Among the notable items on display is the 1521 decree from Pope Leo X excommunicating German monk Martin Luther, a 1530 petition — complete with wax seals — from British Parliament asking Pope Clement VIII to annul King Henry VIII’s marriage to Catherine of Aragon, and an 1887 letter from an American Indian Ojibwe chief to Pope Leo XIII.

Other fascinating documents include a document signed by Galileo Galilei from his trial, manuscripts signed by Michelangelo and Napoleon Bonaparte, and a handwritten letter in French from Mary Queen of Scots to Pope Sixtus V, penned just weeks before she was beheaded by Queen Elizabeth of England.

In the letter, she describes at length her sufferings, professes her Catholic faith and commends her soul to God.

The exhibit includes an original Gregorian calendar, named after Pope Gregory XIII, who reduced the errors of the Julian calendar by introducing the leap year and eliminating the days between Oct. 4-15, 1582, with the bull Inter Gravissimas.

One document in the exhibition is a letter written in 1793 by Marie Antoinette, while she was in prison, to Louis XVI’s brother Charles Philippe, count of Artois, who became King Charles X of France in 1824. The 10-line letter is handwritten on a sheet of ordinary paper folded in two.

“The sentiments of those who share my pain, my dear brother-in-law, are the only consolation I can receive in this sad circumstance,” reads the letter, which is signed, “Your loving Sister-in-Law and Cousin Marie Antoinette.”

The exhibit also includes diplomatic letters written in the Vatican’s own encrypted code. These were used to prevent secret messages between the Holy See and its diplomats from being intercepted by hostile powers. The oldest of these texts dates back to the first half of the 14th century.

The most recent documents on display date from the “Closed Period” during the Second World War. Among these documents is a letter notifying the Vatican of the fate of Edith and Rosa Stein and photographs from the Nov. 5, 1943, air raid on the Vatican.

Cardinal Farina described the documents on display as “an incentive to raise the standard of knowledge beyond the empty stereotype to which, if I am not mistaken, much of the current so-called ‘culture of the masses’ unfortunately leads.”

To enable visitors to learn more about the exhibit and its documents, a free Lux in Arcana app is available for iOS and Android devices, enabling museumgoers to read up on the exhibit before visiting.

Up Close and Personal
“The exhibit was fascinating,” said Benedictine Abbot Placid Solari of Belmont Abbey in Belmont, N.C. He visited the exhibit while in Rome in early March for a meeting. He spent three hours touring the exhibit three days after it opened.

“It was amazing to see the documents we’ve only heard about. The electronic display was very helpful to learn more about each document,” he said.

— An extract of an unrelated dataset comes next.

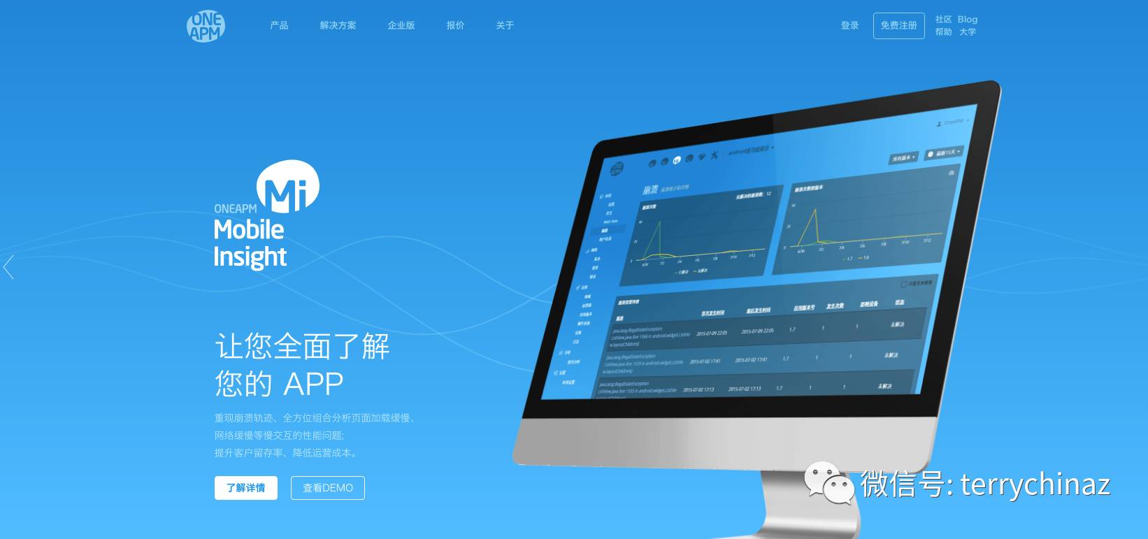 类似国外New Relic或国内听云,One APM可以选择性接入产品的网站,数据库,服务器。通过上报性能或日志数据,产生可视化的数据面板,不断改进产品。

Each of the 100 documents in the collection features a nearby computer screen with scrolling text that explains the background of each document, its meaning and its place in time historically.

Abbot Solari described the exhibit as “walking through history.” As a religious, he said that the exhibits he was most struck by were the letters from Sts. Bernadette Soubirous and Teresa of Avila and the American pieces in the collection — which included a letter written to the Pope on birch bark by an Ojibwe chief and letters written by President Abraham Lincoln and Confederate president Jefferson Davis to the Holy Father.

“In addition to the intellectual history, actually seeing the letters, in their own hand, provides almost a sense of making the saints come alive,” said Abbot Solari.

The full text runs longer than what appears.